Medway Council is urging the small band of motorists that put pedestrians at risk by driving through Chatham’s bus station to please stop, after new figures show more than 90 a day are doing this.

The bus station and Waterfront Way, which both opened last October, are ringed by 15 warning signs, as well as road markings stating they are for local buses, taxis and bicycles only.

But some motorists are using them as a shortcut, causing a danger to the 60,000 bus passengers a week that walk through there, including children.

When the bus station and Waterfront Way opened, the council operated a four-week long amnesty for those filmed by CCTV driving through them – warning people that while they had not been fined that time, they will be in the future.

Police were also on call for the first few days and the council has pro-actively publicised the fact that people should not drive through the bus station or Waterfront Way – an extension to the bus station lined with stops on either side – because of the potential danger to bus users.

Automatic Number Plate Recognition cameras (ANPR) were put in place on 16 April this year and between then and 9 May, 2,238 fines have been issued – or an average of more than 90 a day.

Medway Council does not wish to issue another fine and actually wants people to just stop driving through the bus station and Waterfront Way instead.

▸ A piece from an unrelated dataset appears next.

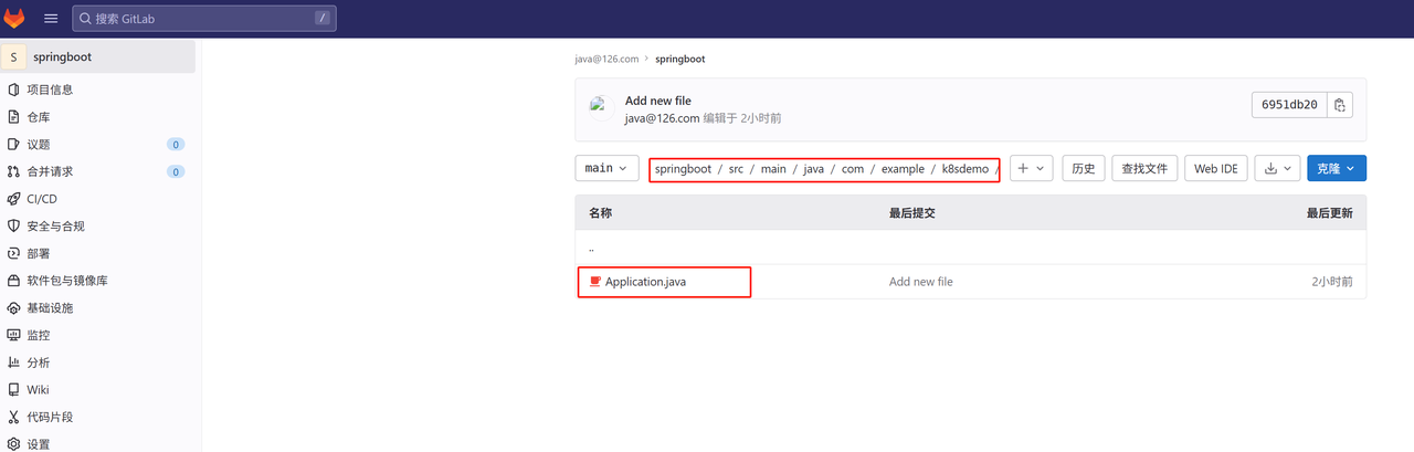 创建 Java 源码文件(src/main/java/com/example/k8sdemo/Application.java)多级目录下的文件

And now it is investigating to see if there are any repeat offenders so it can contact them and ask them to stop.

In addition to 15 road signs, the council has also put in place traffic calming islands and new road markings around the bus station and Waterfront Way.

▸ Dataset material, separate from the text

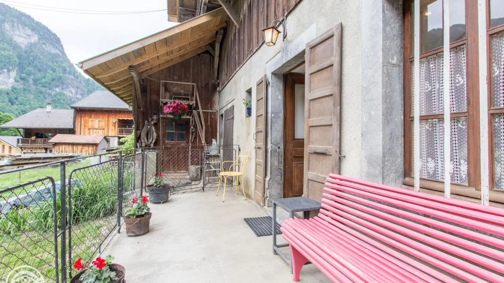 Balcon/terrasse avec table, chaises, parasol et banc. Local à skis. Chauffage au sol.

There is also a new slip road at the end of Medway Street so that any motorists that miss the three wide warning signs on double posts they will have passed can turn around and head back the way they came without facing a fine.

Robin Cooper, Director of Regeneration, Community and Culture, said: “When the bus station opened last year, it was clearly marked with signs stating that it should not be driven through by anyone other than those behind the wheel of a bus or taxi.

“To let local residents get used to this, we had a month long amnesty and wrote to anyone that drove through to say that they had not been fined, but will be in the future.

“A small number of motorists continue to drive through the bus station and our figures show that since we put ANPR cameras in place on 19 April an average of around 90 car and van drivers a day are still continuing to do so, which is quite shocking.

“We would ask drivers – including these 90 a day – to think of the safety of the 60,000 pedestrians that use the bus station each week and stop doing this.

“To put it simply, we would be happy if we never had to issue another fine as that would mean that no car or van driver is putting bus users, which include children, at risk in the bus station.

“If people do continue to do this, they will get a fine. We shall now be investigating these figures to see if there are any persistent offenders and shall contact them to ask that they stop putting others at risk by dangerously driving through the bus station.”